Kondisi harga seperti itu ada dibeberapa barang dagangan lain, seperti sayur bayam dan cabe. Coba bayangkan kalau belinya banyak macem sayur yang memiliki hitungan serupa, bisa gila jumlah jumlahinnya kan? 

Kesulitan itu ternyata bukan aku saja yang ngalamin, hampir semua teman satu apartment mengeluhkan masalah itu.

Begitulah cerita harga yang membingungkan aku, tapi akhirnya kamipun menemukan rumus praktisnya untuk memudahkan perhitungan. 

****

Lanjutkan cerita….

Setelah semua barang tersusun rapih dan toko sudah siap menyambut pembeli. Maka akupun disuruh berdiri seharian di toko tanpa tempat duduk itu, kalau lagi sial salah satu dari aku disuruh ikut sama boss ke pasar dan bantu angkut angkut belanjaan lagi.
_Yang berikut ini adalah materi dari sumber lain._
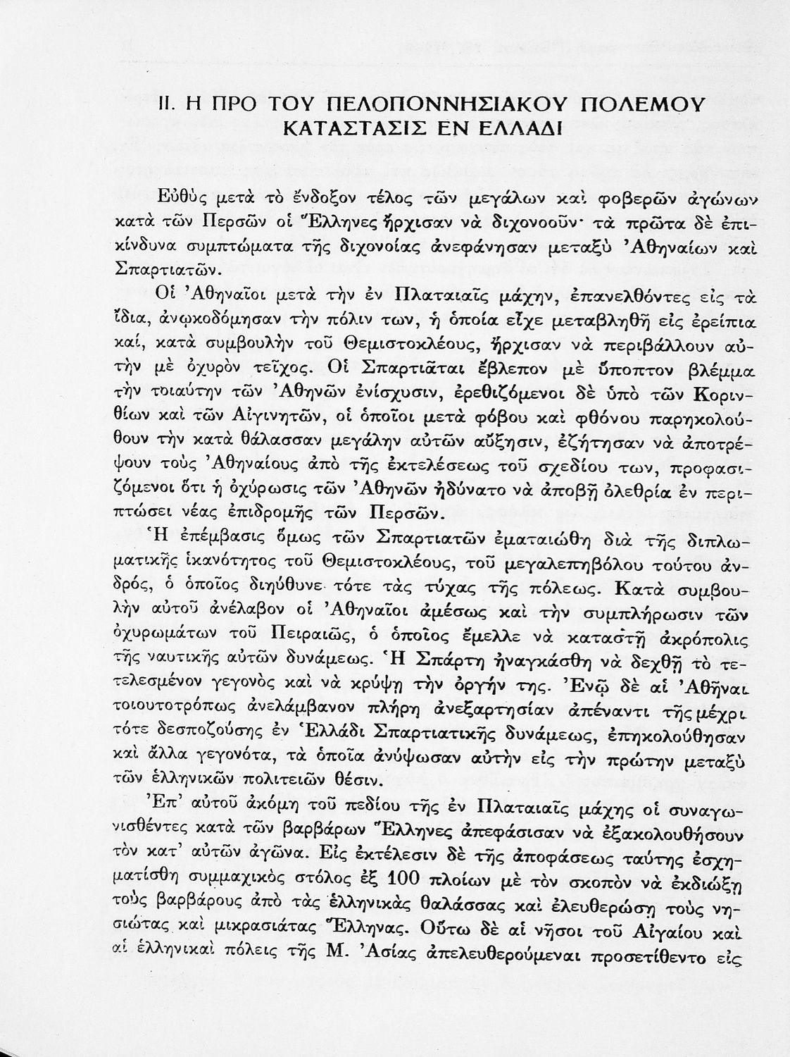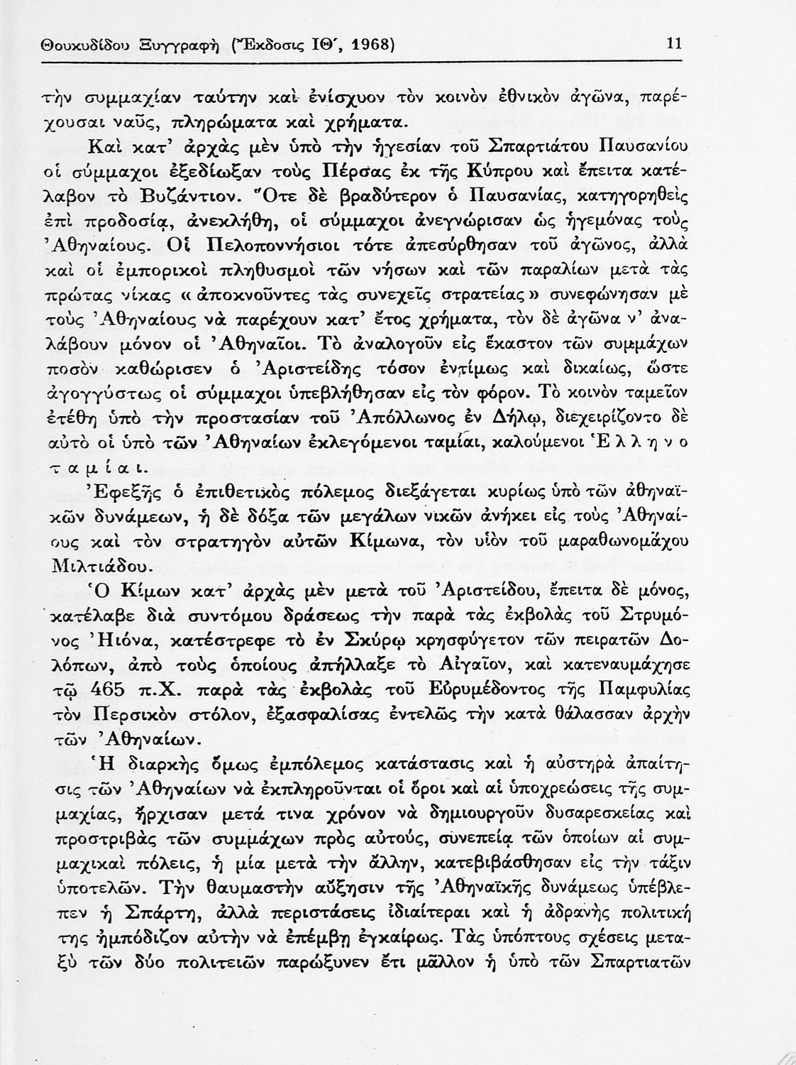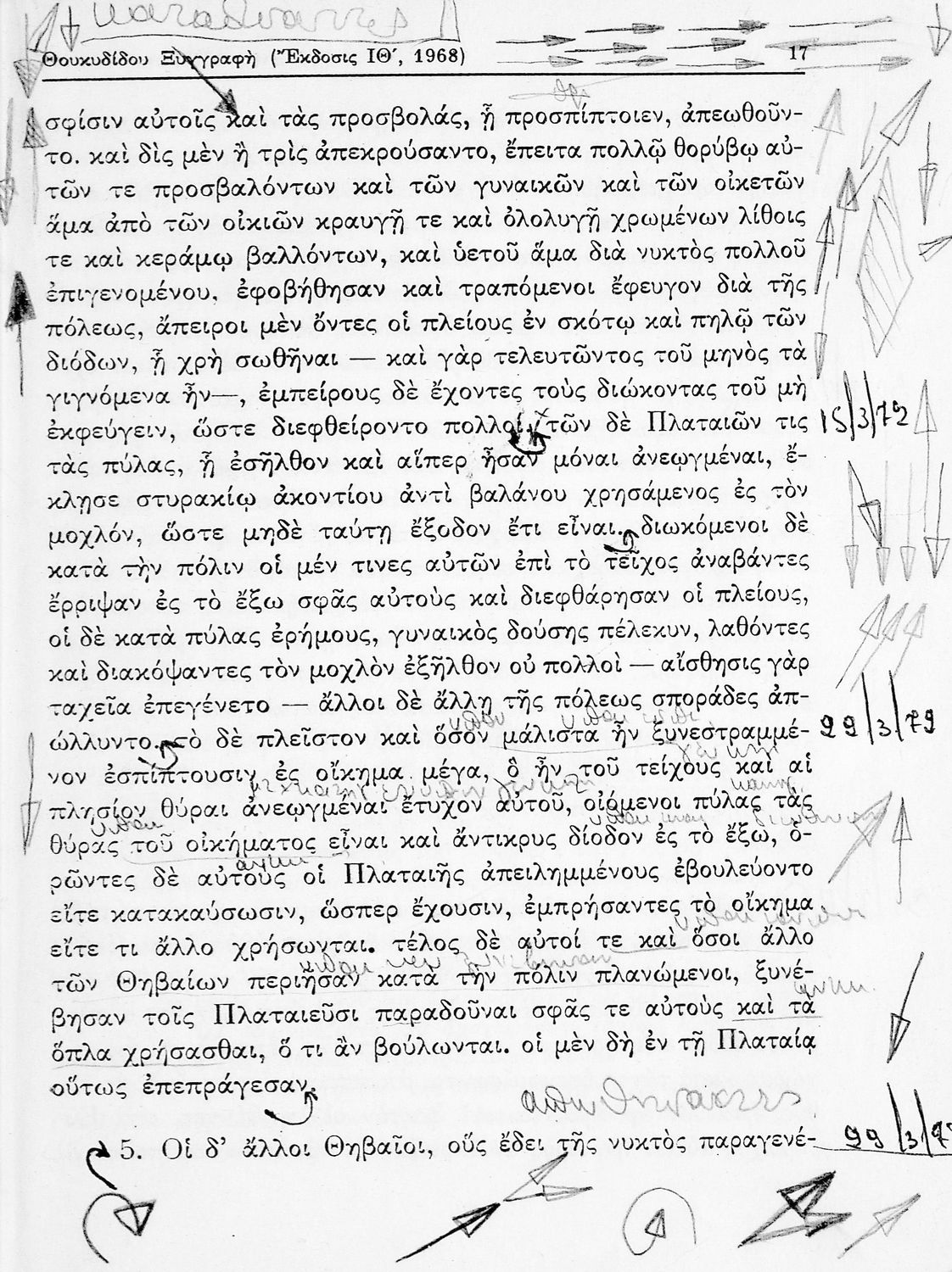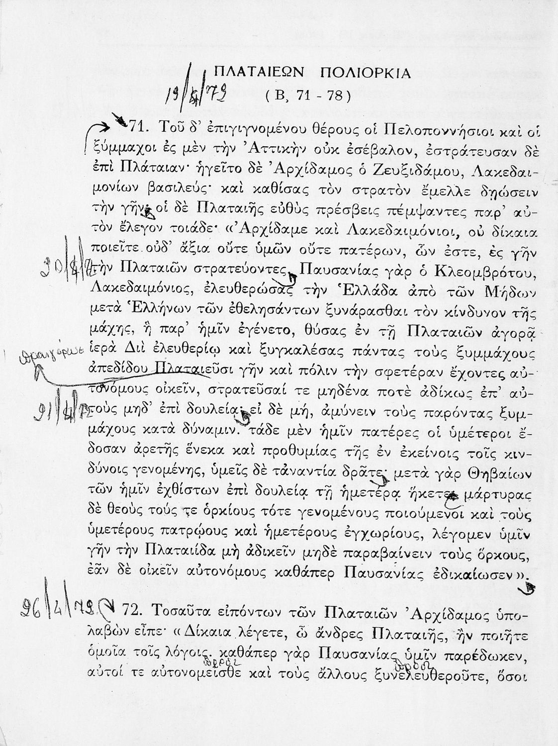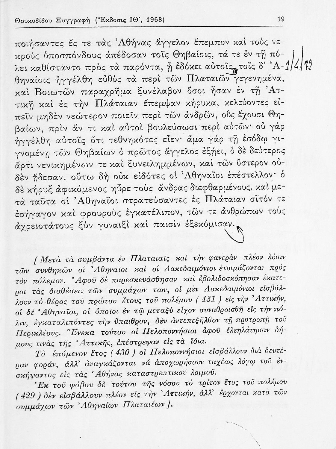 Σχολικό εγχειρίδιο Αρχαίων Ελληνικών Γυμνασίου που περιέχει εισαγωγή στη ζωή και το έργο του Θουκυδίδη, αποσπάσματα από τα Πλαταιϊκά, τα Λεσβιακά και τον Επιτάφιο του Περικλή και ερμηνευτικές σημειώσεις. Φέρει το σύμβολο της δικτατορίας.

Kondisi berdiri selama hampir 12 jam diawal awal kerja merupakan siksaan tersendiri karena mampu membuat badan ini serasa meriang akibat telapak kaki yang sakit sekali. Rasanya seperti demam, ini tidak mengada ngada, rasanya masih terasa ketika aku menuliskan ini. ☺ 

Untuk mengurangi rasa sakit, aku biasanya izin ke toilet dan duduk duduk di sana meluruskan kaki. Nah sialnya setiap keluar dari toilet kepergok sama anaknya si boss. Hehehe makin runyam kalau kalau dilaporin bapaknya, biasanya disogok dengan sebatang rokok. ☺

Selama kerja disana, hal yang paling menyenangkan yang selalu teringat sampai saat ini adalah waktunya makan. Makan selalu disediakan oleh boss berikut dengan kotak makanan plastik sebagai piring. Akuboleh mengisi nasi suka suka hati, tapi sayurnya tetap dibatasi karena kelihatannya jatah lauk sudah dihitung dengan baik sesuai dengan jumlah karyawannya. 

Rasa lapar yang sudah ditahan dari pagi karena hanya makan roti tawar saja plus ditambah kerja angkut angkut selama setengah hari membuat maag di perut ini terasa sakit menahan lapar. Karena pengambilan sayur dibatasi maka jumlah nasipun yang harus diakali. Agar kotak makanan ini bisa memuat nasi lebih banyak, maka nasi harus di tenet (ditekan-tekan) ke dalam kotak hingga padat dan baru diisi dengan sayur sayur diatasnya. Sehingga kotak nasi itu penuh sekali sampai mau tumpah keluar, tapi tidak perlu malu karena semua orang disana melakukan hal yang sama. Kalau malu malu malah bisa gila nanti nahan lapar sampai sore. 🙂

Ketika melihat tumpukan nasi ditangan dan memakan nasi sebanyak itu, yang terlintas dipikiran aku adalah kalimat hinaan yang bisa diucapkan orang ketika melihat orang membawa banyak makanan dipiring, “makan kok kayak kuli”.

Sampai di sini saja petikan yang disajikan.